- _WHAT IS REQUIRED_: Copy the listing below exactly. Pictures stay out of it.

- _DATA RECORDS_:
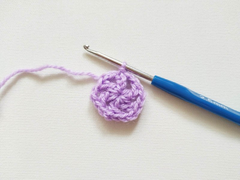 Теперь из пряжи другого цвета свяжем цветок. Формируем скользящую петлю и выполняем 5 петель. Это 1 ссн и 2 петли воздушные по рисунку. Далее в скользящую петлю провязываем 1 ссн. Затем 2 петли и еще 1 ссн. Последний шаг повторим еще 3 раза. Потом делаем 2 петли и выполняем соединительный столбик в 3 петлю из 5, который вязали в начале.
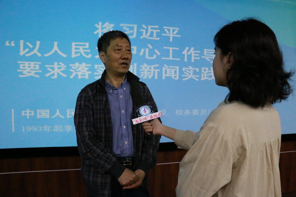 讲座开始前,直播间记者采访了陈沛芹副院长和yL23411永利官网登录的相德宝老师。陈沛芹副院长表示,这次邀请陈力丹教授来上外讲解马克思主义新闻观,是为了让学生们能够从中国新闻观思想发展的历程方面更深入地理解马克思主义新闻观。
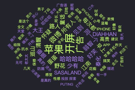 根据时趣洞察引擎对「苹果开屏广告」的舆情内容监控分析,也可以看到「高频词云」中,不乏“哈哈哈”、“傻眼”、“少有”、“搞笑”、“有毒”等带有调侃意味的中性词汇。
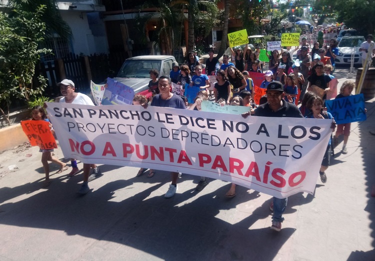 En la víspera de la visita del presidente de la República, Andrés Manuel López Obrador al estado de Nayarit, el Pueblo de San Pancho Unido, realizó una marcha de rechazo a la construcción de condominios Punta Paraíso que se edificó en terreno ganado al mar como extensión de la propiedad y que basada en información falsa en manifestación de impacto ambiental, fue autorizada por los tres niveles de gobierno, según la manifestación de los inconformes que llevan una lucha ya de dos años contra esta obra, edificio que ya luce casi terminado frente a una de las pocas playas vírgenes de Bahía de Banderas enclavado en la Riviera Nayarit.
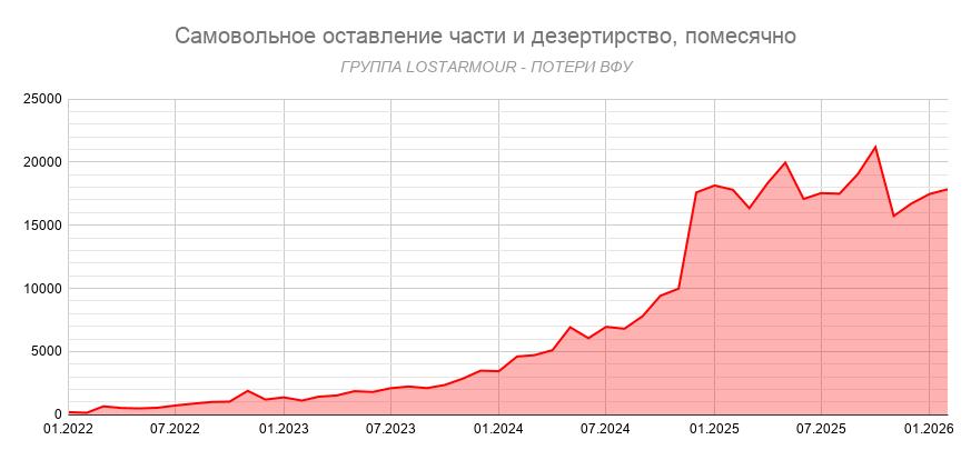 Появилась свежая статистика самовольного оставления части и дезертирства из украинской армии. Напомню, что раньше, до декабря 2025 года, прокуратура Украины вообще официально публиковала данные обо всех уголовных делах у себя на сайте в эксельке, и зоркие глаза российских осинтеров заметили, что среди прочего там публикуются статьи СЗЧ (СОЧ по-русски, то есть самовольное оставление части) и дезертирство. Если сложить эти две статьи, то мы узнаем, сколько уголовок на беглецов заводилось.
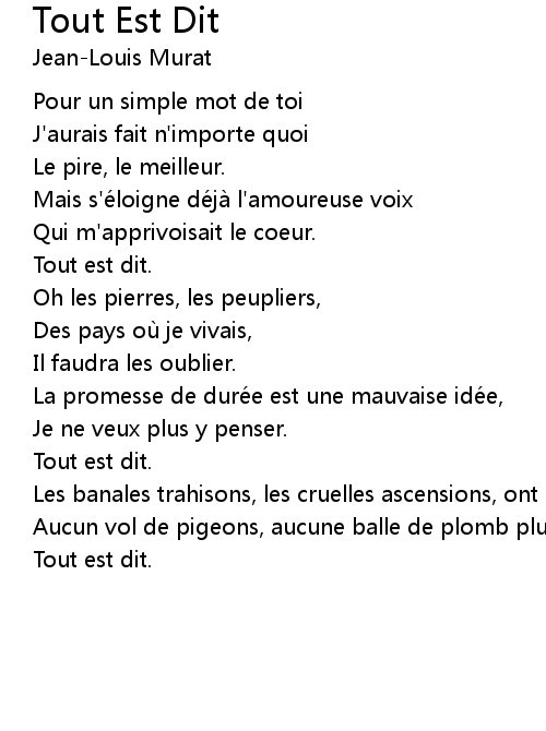 | 歌曲 | Tout Est Dit |
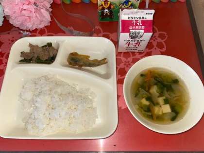今日の昼食は、イワシ天ぷら、五目汁、豚肉とサンド豆の炒め物です。
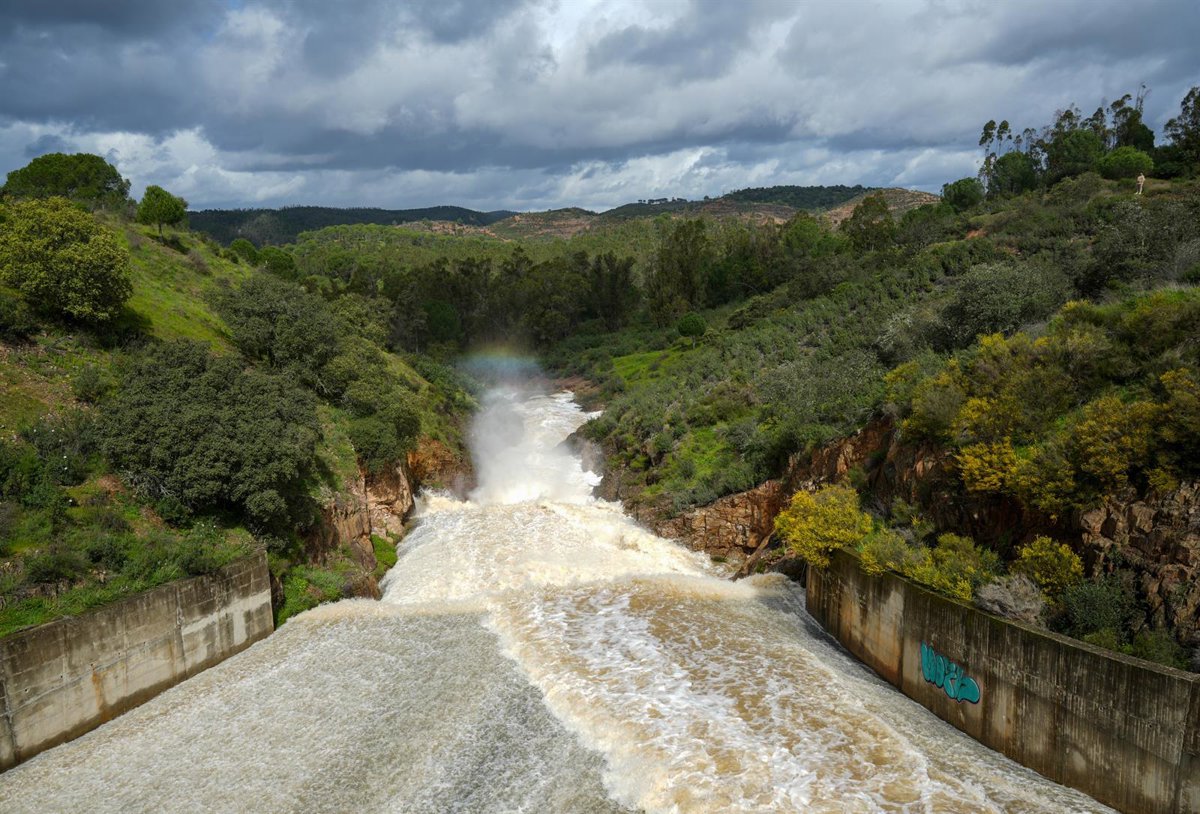 Archivo - Imagen de la presa del Corumbel desaguando en marzo de 2025. - Francisco J. Olmo - Europa Press - Archivo
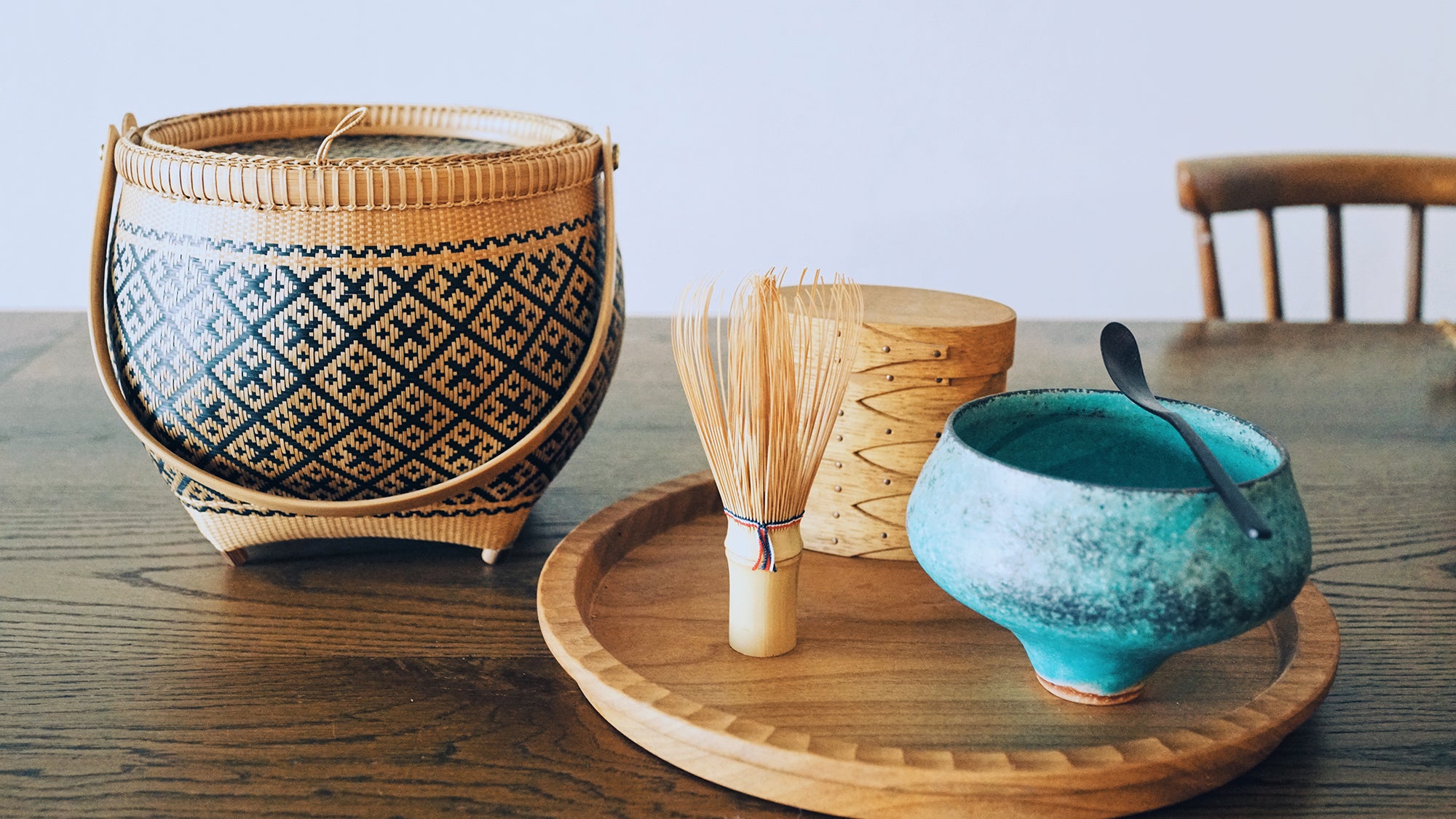 あとは、奈良の茶筅師、谷村丹後さんにオーダーで作っていただいた、トリコロール色系を使った白竹茶筅。モダンでながらも洗練された使い心地が気に入っています。

- _SOLUTION TO THE PROBLEM_:
 Теперь из пряжи другого цвета свяжем цветок. Формируем скользящую петлю и выполняем 5 петель. Это 1 ссн и 2 петли воздушные по рисунку. Далее в скользящую петлю провязываем 1 ссн. Затем 2 петли и еще 1 ссн. Последний шаг повторим еще 3 раза. Потом делаем 2 петли и выполняем соединительный столбик в 3 петлю из 5, который вязали в начале.
 讲座开始前,直播间记者采访了陈沛芹副院长和yL23411永利官网登录的相德宝老师。陈沛芹副院长表示,这次邀请陈力丹教授来上外讲解马克思主义新闻观,是为了让学生们能够从中国新闻观思想发展的历程方面更深入地理解马克思主义新闻观。
 根据时趣洞察引擎对「苹果开屏广告」的舆情内容监控分析,也可以看到「高频词云」中,不乏“哈哈哈”、“傻眼”、“少有”、“搞笑”、“有毒”等带有调侃意味的中性词汇。
 En la víspera de la visita del presidente de la República, Andrés Manuel López Obrador al estado de Nayarit, el Pueblo de San Pancho Unido, realizó una marcha de rechazo a la construcción de condominios Punta Paraíso que se edificó en terreno ganado al mar como extensión de la propiedad y que basada en información falsa en manifestación de impacto ambiental, fue autorizada por los tres niveles de gobierno, según la manifestación de los inconformes que llevan una lucha ya de dos años contra esta obra, edificio que ya luce casi terminado frente a una de las pocas playas vírgenes de Bahía de Banderas enclavado en la Riviera Nayarit.
 Появилась свежая статистика самовольного оставления части и дезертирства из украинской армии. Напомню, что раньше, до декабря 2025 года, прокуратура Украины вообще официально публиковала данные обо всех уголовных делах у себя на сайте в эксельке, и зоркие глаза российских осинтеров заметили, что среди прочего там публикуются статьи СЗЧ (СОЧ по-русски, то есть самовольное оставление части) и дезертирство. Если сложить эти две статьи, то мы узнаем, сколько уголовок на беглецов заводилось.
 | 歌曲 | Tout Est Dit |
今日の昼食は、イワシ天ぷら、五目汁、豚肉とサンド豆の炒め物です。
 Archivo - Imagen de la presa del Corumbel desaguando en marzo de 2025. - Francisco J. Olmo - Europa Press - Archivo
 あとは、奈良の茶筅師、谷村丹後さんにオーダーで作っていただいた、トリコロール色系を使った白竹茶筅。モダンでながらも洗練された使い心地が気に入っています。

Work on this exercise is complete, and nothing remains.